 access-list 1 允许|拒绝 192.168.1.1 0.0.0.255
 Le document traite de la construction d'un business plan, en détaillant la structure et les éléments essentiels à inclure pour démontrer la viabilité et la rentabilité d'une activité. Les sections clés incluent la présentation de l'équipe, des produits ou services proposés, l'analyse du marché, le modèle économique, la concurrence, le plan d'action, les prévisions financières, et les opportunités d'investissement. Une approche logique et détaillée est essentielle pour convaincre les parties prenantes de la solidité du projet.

...

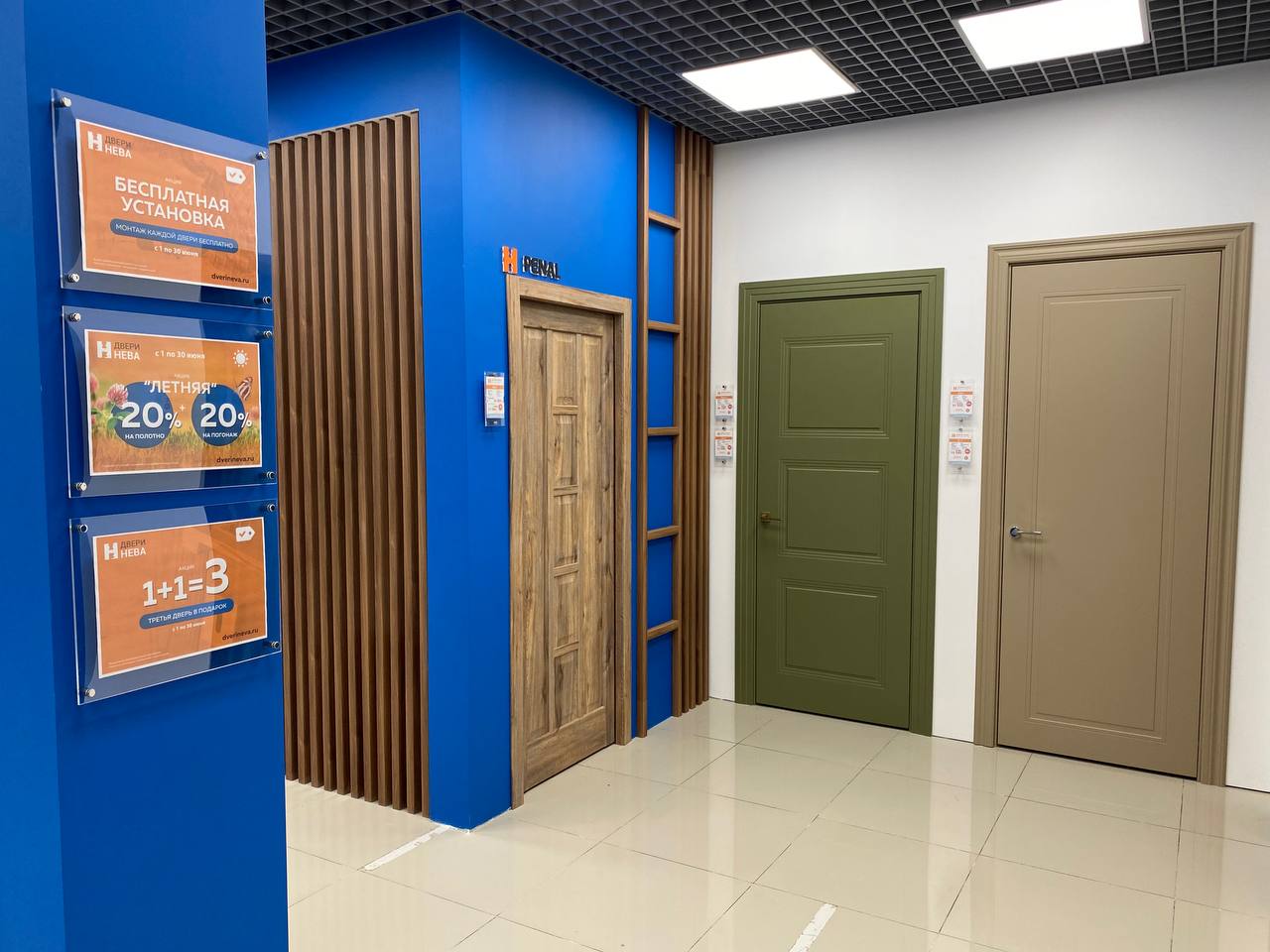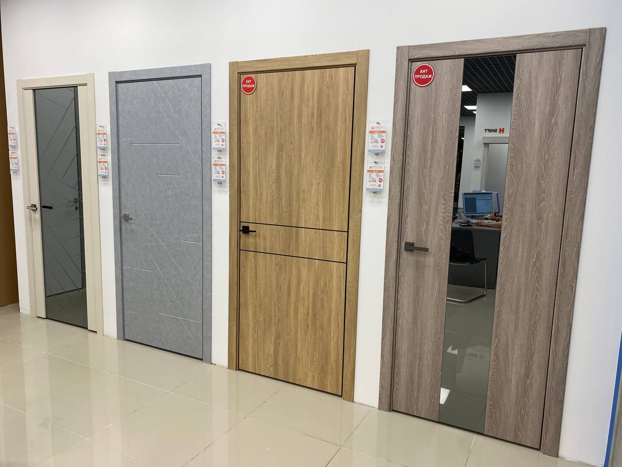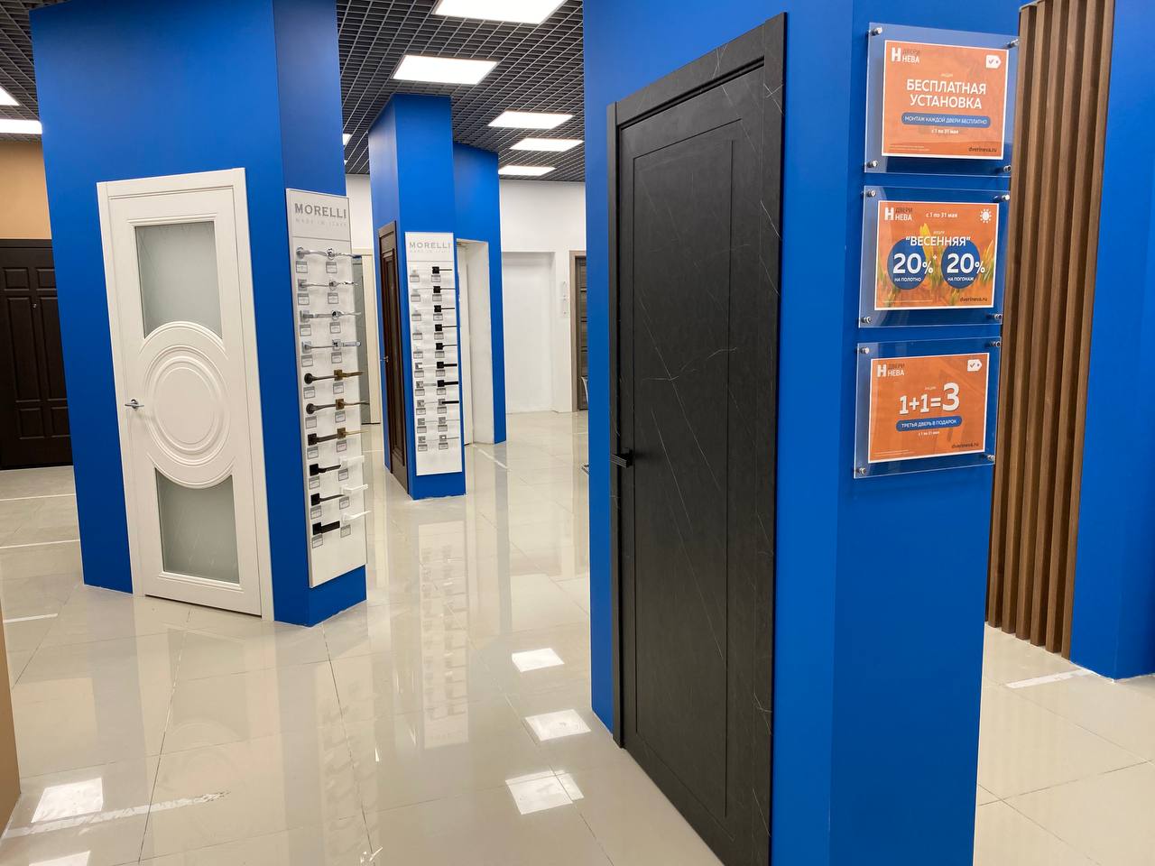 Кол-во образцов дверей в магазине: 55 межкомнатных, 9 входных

==

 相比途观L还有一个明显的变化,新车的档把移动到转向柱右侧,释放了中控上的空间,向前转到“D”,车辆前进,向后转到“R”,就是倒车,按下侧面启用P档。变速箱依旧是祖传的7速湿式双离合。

### TASK TO CARRY OUT
From the entries above, restate word for word the lines from the line containing "access-list 1 允许|拒绝 192.168.1.1 0.0.0.255" to the line containing "Le document traite", both ends included, and nothing more.

### OUTPUT
 access-list 1 允许|拒绝 192.168.1.1 0.0.0.255
 Le document traite de la construction d'un business plan, en détaillant la structure et les éléments essentiels à inclure pour démontrer la viabilité et la rentabilité d'une activité. Les sections clés incluent la présentation de l'équipe, des produits ou services proposés, l'analyse du marché, le modèle économique, la concurrence, le plan d'action, les prévisions financières, et les opportunités d'investissement. Une approche logique et détaillée est essentielle pour convaincre les parties prenantes de la solidité du projet.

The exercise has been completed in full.